Security Legislation: Data Protection Act (1998) Maintaining the privacy of data The Data Protection Act 1998 requires that an organisation take steps to keep data secure. Any computer system that is accessible to people, either physically or over a network, has a problem - how does it make sure that only those people who should have access to data or resources on a network can do so and everyone else is excluded? How can it ensure that it keeps data secure? There are a number of ways to do this:   Logins and passwords Firewalls, proxy servers and authorisation. Firewalls and authorising a user from outside a LAN. Encryption techniques. Authentication techniques using digital signatures and digital certificates.

Methods of Securing Data Logins and Passwords Views of Data Firewalls Proxy Servers Encryption

Logins, Passwords, and Views of Data Computer systems which hold data should not be accessed by just anyone. Only an authorised user should be able to log on to the system. This means that they should have their own login and password. In addition, just because somebody can log in to a computer system, doesn't mean they should be able to access all of the data on it. When somebody sets up a new login and password for a new employee, they also have to set up what folders and files that person can view and what they can do with them, what rights they have e.g. to view a file, delete a file, amend a file and so on. This is known as the 'view of data' somebody has. Although everyone in organisation can access the same computer system with all of the data, each employee sees their own personal view of that data, depending on what job role they perform and what data they need to carry out that job.
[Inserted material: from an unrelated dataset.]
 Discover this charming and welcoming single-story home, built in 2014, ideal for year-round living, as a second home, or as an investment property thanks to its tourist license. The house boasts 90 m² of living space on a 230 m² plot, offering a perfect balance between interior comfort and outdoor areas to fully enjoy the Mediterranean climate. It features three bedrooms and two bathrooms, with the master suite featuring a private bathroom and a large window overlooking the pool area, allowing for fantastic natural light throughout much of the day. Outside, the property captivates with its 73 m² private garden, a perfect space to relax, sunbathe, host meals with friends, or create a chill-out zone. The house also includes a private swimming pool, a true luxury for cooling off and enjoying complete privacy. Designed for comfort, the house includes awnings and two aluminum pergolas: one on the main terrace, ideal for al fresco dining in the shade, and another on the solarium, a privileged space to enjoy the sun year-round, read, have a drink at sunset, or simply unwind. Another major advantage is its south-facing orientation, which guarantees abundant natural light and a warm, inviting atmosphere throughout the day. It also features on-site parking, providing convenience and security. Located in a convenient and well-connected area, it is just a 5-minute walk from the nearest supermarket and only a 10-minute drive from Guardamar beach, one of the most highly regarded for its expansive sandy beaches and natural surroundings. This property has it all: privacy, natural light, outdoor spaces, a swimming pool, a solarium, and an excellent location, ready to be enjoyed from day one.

They cannot see any data that has nothing to do with their job role. Teachers, for example, can get access to a student's academic records and details about how to contact home, but they have no access to any medical records that the school may have about you on its system. On the other hand, the school nurse will be able to access your medical records but not your academic ones. The Head may be able to access all data. 
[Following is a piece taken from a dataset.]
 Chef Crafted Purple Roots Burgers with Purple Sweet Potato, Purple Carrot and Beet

Firewalls, proxy servers and authorisation A Firewall, according to the British Computing Society's 'A Glossary of Computing Terms', "is a computing program used in a large computing system to prevent external users (even if authorised) getting access to the rest of the system. Network users' access is restricted to a small part of the system and the firewall software prevents a user (including unauthorised users) accessing data or executing any programs in the rest of the system". When a user on a network wants to access data or applications held in a main server, it sends a request for the information. The request is intercepted by the firewall program sitting in a proxy server. A proxy server is simply a server that has been set up to control access to the main server. The firewall program will look at the request and the information about the user that is automatically attached to it. It then checks both that the user is valid and that they have the right to the information they are requesting. It is able to do this because it holds a database of all the users and their associated rights - it just needs to look up its database! If the request is valid, then the firewall will send a message to a proxy server to retrieve the requested data. The proxy server will then access the data from the main server and pass it out through the firewall to the user. The user cannot access the main server directly but must go through the firewall and proxy server.
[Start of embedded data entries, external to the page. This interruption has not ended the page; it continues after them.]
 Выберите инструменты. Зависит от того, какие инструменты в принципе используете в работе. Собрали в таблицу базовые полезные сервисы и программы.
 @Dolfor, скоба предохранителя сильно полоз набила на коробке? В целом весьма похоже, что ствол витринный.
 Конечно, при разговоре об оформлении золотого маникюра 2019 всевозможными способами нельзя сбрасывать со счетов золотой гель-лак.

Encryption As a last line of defence, sensitive data should be encrypted. Encryption is a technique that takes data and scrambles it so that it doesn't make any sense until you decrypt the message. Users may want to encrypt data for various reasons. For example, data may be encrypted as part of a company's procedures to comply with the Data Protection Act (to keep data secure). It may be that sensitive emails are being sent, for example holding medical, financial, national security or legal information. Remember, emails are sent across the Internet using packet switching. There are programs that hackers can use to 'grab' packets on a network. Since email is simple text, it would be easy to read a packet. It is also possible that you could send information to the wrong address or that messages end up in the wrong place by accident.